# Homework Help: Partial Derivatives

1. Oct 2, 2009

### KillerZ

1. The problem statement, all variables and given/known data

Determine if the following differential equation is exact. If it is exact solve it.

2. Relevant equations

$$\left(\frac{1}{t} + \frac{1}{t^{2}} - \frac{y}{t^{2} + y^{2}}\right)dt + \left(ye^{y} + \frac{t}{t^{2} + y^{2}}\right)dy = 0$$

3. The attempt at a solution

I am a little rusty on my partial derivatives I am not sure if this is right.

$$M(t, y) = \frac{1}{t} + \frac{1}{t^{2}} - \frac{y}{t^{2} + y^{2}}$$

$$N(t, y) = ye^{y} + \frac{t}{t^{2} + y^{2}}$$

$$\frac{\partial M}{\partial y} = -y[-(t^{2} + y^{2})^{-2}(2y)] - (t^{2} + y^{2})^{-1}$$

$$\frac{\partial N}{\partial t} = t[-(t^{2} + y^{2})^{-2}(2t)] + (t^{2} + y^{2})^{-1}$$

2. Oct 2, 2009

### Dick

Looks good so far.
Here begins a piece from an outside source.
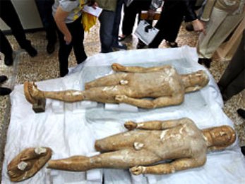 中新網5月19日電 據外電18日報道,希臘警方日前逮捕了兩名膽大包天的盜墓賊,這兩人涉嫌將盜來的一對2500年前的大理石雕像以100萬歐元的價格出售。
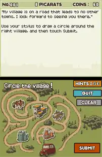 Puzzles include brain teasers, sliding puzzles, logic puzzles, and others. The player is presented with each puzzle and its value in "picarats", and is given an unlimited amount of time to solve it. Each puzzle has three hints available for it, but the player must spend one "hint coin" to see each hint. Hint coins are limited; the player starts with ten, and more can be found by examining suspicious objects around the village. Once the player feels they have the answer to a puzzle, depending on the puzzle, they might enter it by selecting an answer, drawing a circle around a specific area, or entering the answer by inputting letters or numbers into the DS's touchscreen. If the player is correct, the picarats are added to his total score, and he is sometimes rewarded with an item. If the player is incorrect, he can retry the puzzle indefinitely, though the first two times he is wrong, the value of the puzzle will decrease by approximately ten percent each time (or more, in the case of multiple-choice puzzles). There are also puzzles in which the player must make a sequence of moves in order to reach some final state, and cannot submit an incorrect answer. Optionally, a player can quit a puzzle at no cost and try another, though certain puzzles are mandatory to progress. Once a puzzle is completed, the player may retry it at any time via the game's menu.

You'll have to do some simplifying to see if they are the same. Put them over a common denominator.

3. Oct 2, 2009

### KillerZ

$$-y[-(t^{2} + y^{2})^{-2}(2y)] - (t^{2} + y^{2})^{-1} = t[-(t^{2} + y^{2})^{-2}(2t)] + (t^{2} + y^{2})^{-1}$$

$$-y\left[-\frac{2y}{(t^{2} + y^{2})^{2}}\right] - \frac{1}{t^{2} + y^{2}} = t\left[-\frac{2t}{(t^{2} + y^{2})^{2}}\right] + \frac{1}{t^{2} + y^{2}}$$

$$\frac{2y^{2}}{(t^{2} + y^{2})^{2}} + \frac{2t^{2}}{(t^{2} + y^{2})^{2}} = \frac{1}{t^{2} + y^{2}} + \frac{1}{t^{2} + y^{2}}$$

$$\frac{2y^{2} + 2t^{2}}{(t^{2} + y^{2})^{2}} = \frac{2}{t^{2} + y^{2}}$$

$$\frac{2y^{2} + 2t^{2}}{t^{2} + y^{2}} = 2$$

$$2y^{2} + 2t^{2} = 2y^{2} + 2t^{2}$$ They are exact.

Last edited: Oct 2, 2009
4. Oct 2, 2009

### KillerZ

To finish it:

$$\frac{\partial f}{\partial t} = \frac{1}{t} + \frac{1}{t^{2}} - \frac{y}{t^{2} + y^{2}}$$

$$\frac{\partial f}{\partial y} = ye^{y} + \frac{t}{t^{2} + y^{2}}$$

$$f(t,y) = \int\left(\frac{1}{t} + \frac{1}{t^{2}} - \frac{y}{t^{2} + y^{2}}\right)dt + \Phi(y)$$

$$f(t,y) = ln|t| - \frac{1}{t} - tan^{-1}\left(\frac{t}{y}\right) + \Phi(y)$$

$$\frac{\partial f}{\partial y} = 0 - 0 + \frac{t}{y^{2} + t^{2}} + \frac{d\Phi}{dy} = ye^{y} + \frac{t}{t^{2} + y^{2}}$$

$$\frac{d\Phi}{dy} = ye^{y}$$

$$\Phi = \int\left(ye^{y}\right)dy + c$$

$$\Phi = ye^{y} - e^{y} + c$$

$$f(t,y) = ln|t| - \frac{1}{t} - tan^{-1}\left(\frac{t}{y}\right) + ye^{y} - e^{y} + c$$

5. Oct 2, 2009

### Dick

Sure. Well done!

6. Oct 2, 2009

### KillerZ

Thanks for the help.